Secondary metabolites are usually produced by an organism as part of a defense mechanism or to facilitate reproduction. The chemical diversity of secondary metabolites mirrors the variety of enzymatic reactions present in the biosynthetic pathways. Therefore, these pathways are a constant and rich source of exciting novel transformations and unprecedented enzymes. In addition, the genetic and enzymatic knowledge acquired by elucidating the biosynthetic pathways can be exploited for the production of chemically varied secondary metabolites.
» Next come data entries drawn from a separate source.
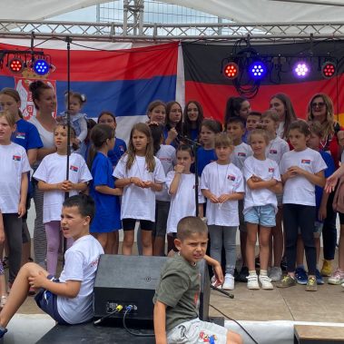 Nakon tople dobrodošlice, koordinatorka se zahvalila domaćinima na predivnom ambijentu i na gostoprimstvu, a potom uputila iskrene reči svoj deci srpske dopunske škole. „Draga deco, ponosni smo na vas. Vaša iskrena ljubav prema otadžbini koju širite, nam svedoči da ste utrli put ljubavi prema otadžbini i da je, ma gde bila, uvek u srcu nosite. Sve Milice, Lazari, Jelene, svi Dragani i Radovani – volite svoj jezik i svoju otadžbinu, jer oni imaju samo vas“, završila je pozdravni govor Tatjana Popović.
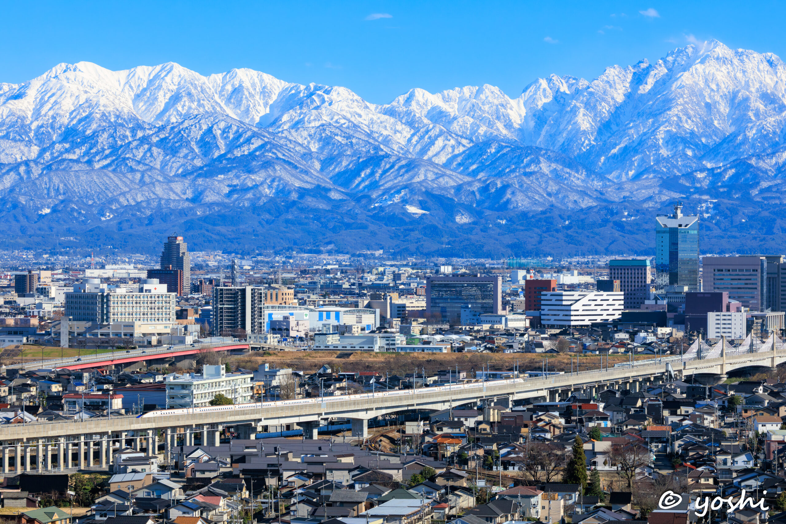 立山連峰を望む呉羽山公園の展望台。展望台付近には駐車場があり、すぐにこの景色が望めます。アクセスも簡単で訪れやすく、富山駅から発着する北陸新幹線とのコラボも楽しめます。画面右上の剱岳はぜひ入れて撮りたいところ。
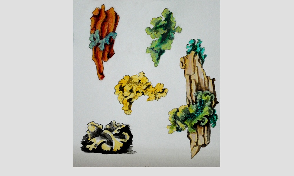 Lichen studies – ink, natural dyes, pastel – Aug 2013
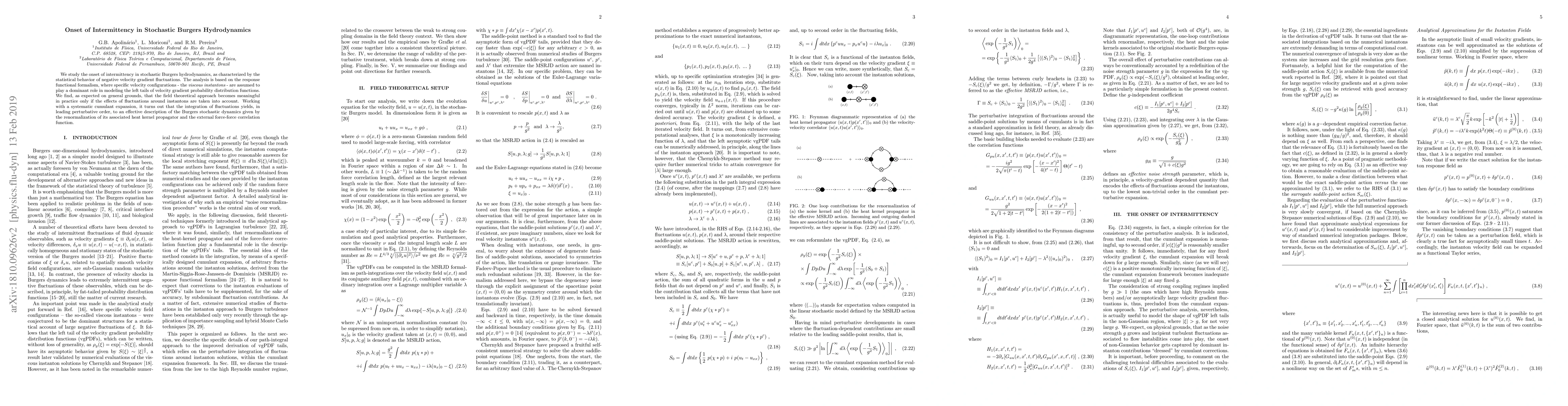 This paper investigates the onset of intermittency in stochastic Burgers hydrodynamics through the statistical behavior of negative velocity gradient fluctuations, employing the response functional formalism and focusing on viscous instantons. The study reveals that a field theoretical approach is only practically meaningful when fluctuations around instantons are considered, leading to a renormalization of the heat kernel propagator and the force-force correlation function.

Pyrrolo[1,4]benzodiazepines, a class of potent antitumor antibiotics found in actinomycetes, are sequence selective DNA alkylating agents. Phase 1 human clinical trials of SJG-136 for the treatment of metastatic or unresectable solid tumors were started in 2004. Microbiology, molecular biology and enzymological techniques will be used in this proposal to elucidate the biochemistry underlying pyrrolo[1,4]benzodiapines' production. Specifically, we propose to 1) identify the biosynthetic gene clusters for tomaymycin and sibiromycin, 2) produce novel glycosylated PBDs and PBD dimers, and 3) characterize the unique enzymatic transformations present in the biosynthetic pathway. Pyrrolobenzodiazepines (PBDs) are compounds naturally produced by bacteria with potent antitumor properties. PBDs' remarkable broad spectrum of activities and effectiveness against a wide variety of cancers encourages the development of new PBDs. For instance, SJG-136 is currently in phase I clinical trials against metastatic and unresectable solid tumors. We are proposing to study how nature carries out the synthesis of these compounds. The genetic and enzymological knowledge so obtained can then be used for production of new analogs of these compounds. Examples of such application are discussed in this proposal.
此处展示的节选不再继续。